How To Build Images:Docker Image Specification v1.2

Preface

We are now in the era of containerization, where hardly anyone in development, testing, or operations would be unfamiliar with or unable to use Docker. Using Docker is also straightforward; most of the time, launching a container simply involves executing docker run {your-image-name}, and building an image is as simple as executing docker build dockerfile ..
Perhaps it's precisely because Docker encapsulates implementation details so thoroughly that I recently realized, while learning about kaniko, an open-source image building tool by Google, that we may have only learned how to use Docker CLI, rather than understanding how Docker actually operates.
Therefore, I has decided to start writing a series of articles about 『How To Build Images』, with this being the first installment: 『Docker Image Specification』.
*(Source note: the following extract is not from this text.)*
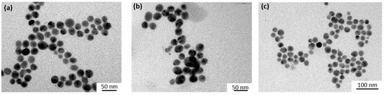 TEM images of the initial 15 nm Au-NPs@pNTP taken at different times during the reduction reaction of hexacyanoferrate (III) under LED irradiation at 520 nm: (a) 10 min; (b) 30 min; and (c) 60 min of irradiation.

Note: This article assumes that readers know how to use Docker, including but not limited to knowing how to execute docker run and docker build and writing a Dockerfile.

Docker Image Specification

Container images store changes to the file system, while container image specification describes how to record the history of these changes and the corresponding operation parameters as well as how to convert container images into containers.

Simply, it describes the specifications for container >> serialization >> image and image >> deserialization >> container 😯

Specification History

• v1
  • first edition
• v1.1
  • Implemented by Docker v1.10 (February, 2016)
  • use sha256 digests as ids for each layer from now on(previously used random values)
  • Added manifest.json file, which is responsible for recording metadata of image content and dependencies.
• v1.2
  • mplemented by Docker v1.12 (July, 2016)
  • add Healthcheck into image specifications
• OCI v1 image
  • Image specification proposed by the Open Container Initiative (OCI)
  • Not compatible with Docker(moby), But you can push image to the Registry and then pull it back and registry will auto convert it into the one docker(moby) is supported.

To standardize container formats and runtime creation, Docker, along with organizations like CoreOS, established the Open Container Initiative (OCI) under the supervision of the Linux Foundation. Currently, OCI has proposed two specifications: the Runtime Specification (runtime-spec) and the Image Specification (image-spec).
However, since Docker has not yet fully adopted the OCI image specification, this series of articles will not cover content related to the OCI image specification. (MAY be considered in the future 😆)

A 🌰: Basic Structure of Docker Images

We will use busybox:latest as an example to show the basic structure of a Docker image.

What is 🌰 meaning?

🌰 is the homophone of example in chinese.

.
├── 036a82c6d65f2fa43a13599661490be3fca1c3d6790814668d4e8c0213153b12
│   ├── VERSION
│   ├── json
│   └── layer.tar
├── 6ad733544a6317992a6fac4eb19fe1df577d4dec7529efec28a5bd0edad0fd30.json
├── manifest.json
└── repositories

1 directory, 6 files

Next, this 🌰 will introduce in detail the meaning and content of each component in the Docker image.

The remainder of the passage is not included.